PostWed Dec 31, 2014 12:12 am

Valen wrote:Yes, if you have enough experience you can look at a card and do a good approximation of how desirable that card is. But that does not make a ratings guide or other method of detailed counting of the card of no value

Nobody ever said ratings guides or other methods of counting cards had no value. Holiday excitement must be affecting some people's reading.... ;)
I would compare it to watching several pitchers throw a baseball. I can tell who the hard throwers are just by watching. But there is no way anyone will convince me they can always tell who throws hardest from just watching if they are close to the same velocity. So if I were a scout I absolutely would want a radar gun reading. Same in Strat. I can tell by looking a Hank Aaron card is better than a Tommy Aaron card.

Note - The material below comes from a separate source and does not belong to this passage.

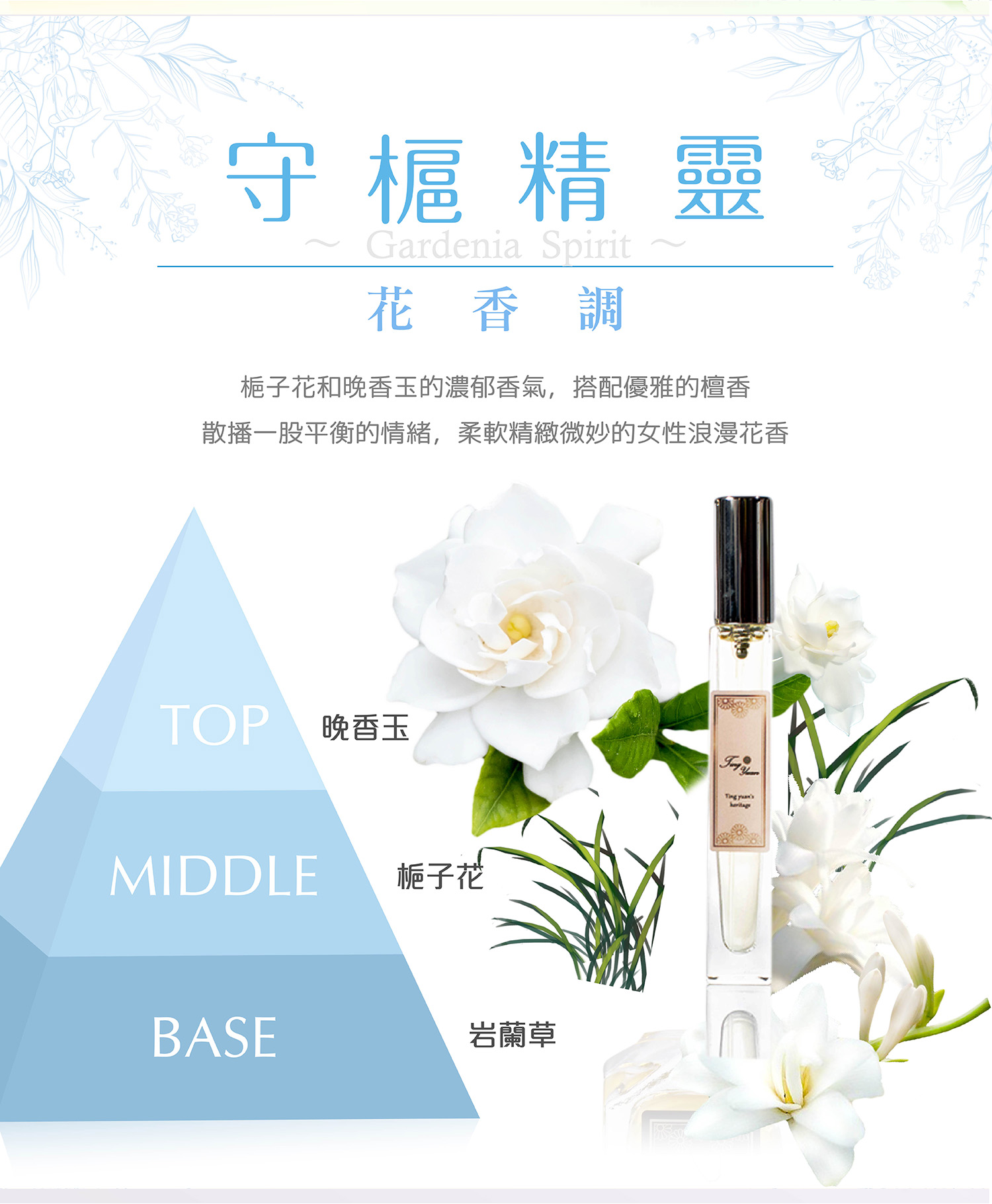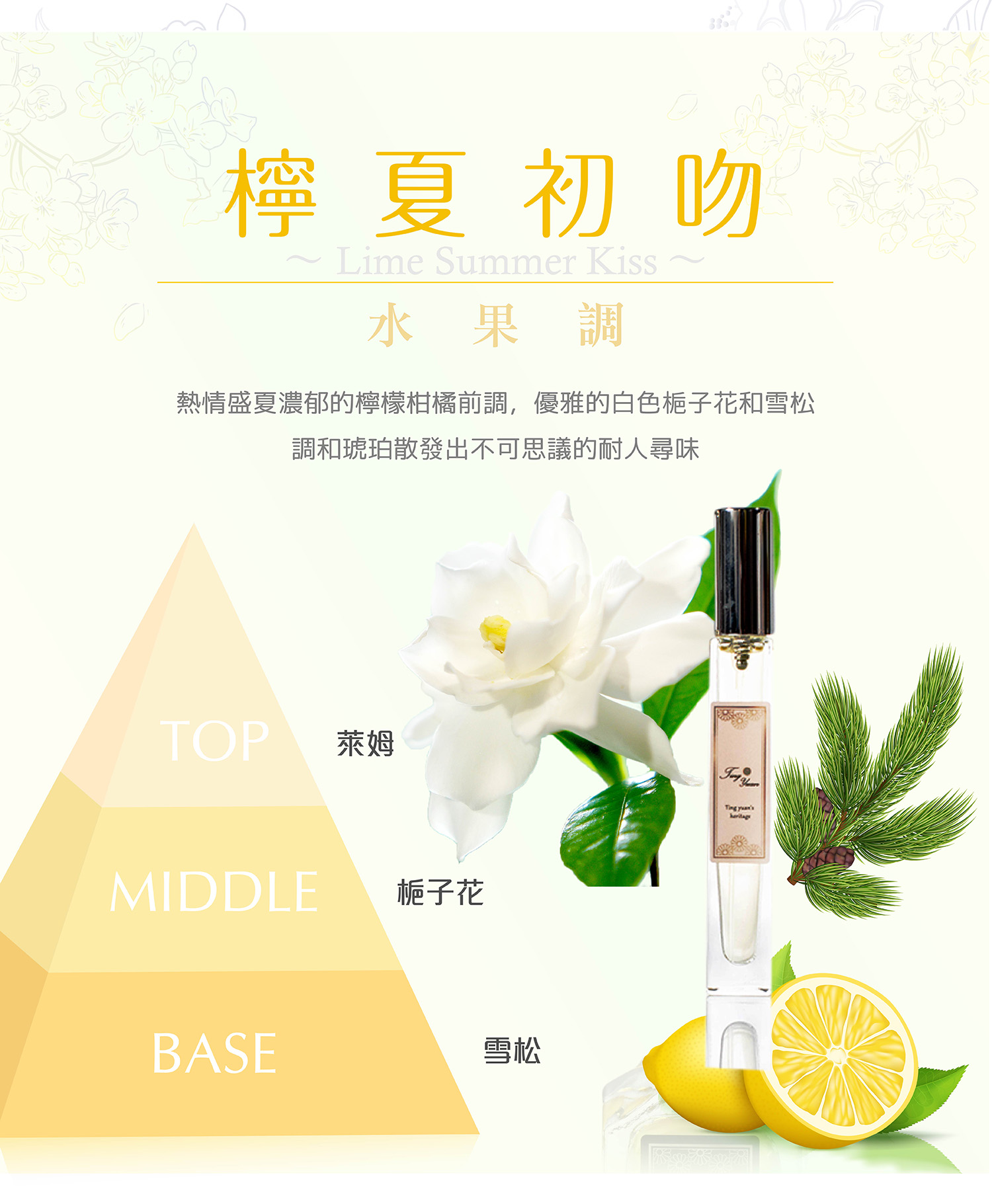 熱情盛夏濃郁的檸檬柑橘前調,優雅的白色梔子花和雪松調和琥珀散發出不可思議的耐人尋味

It is the ones that are only slightly different that you want more precision.

This is a major reason why I don't use ratings guides. I have always enjoyed reading cards/scouting as a major part of the game, and I have always enjoyed honing my skills at doing so. I, and many other managers, don't want a "radar gun reading" provided to us by a ratings guide. We don't care if we get it exactly right. We want to read, interpret, and evaluate the cards on our own. If maximizing winning is more important to you than the pleasurable challenge of reading/interpreting cards for yourself, then ratings guides are for you. For those of us who prefer the pleasurable challenge of reading/interpreting cards for ourselves over maximizing winning, they are not for us.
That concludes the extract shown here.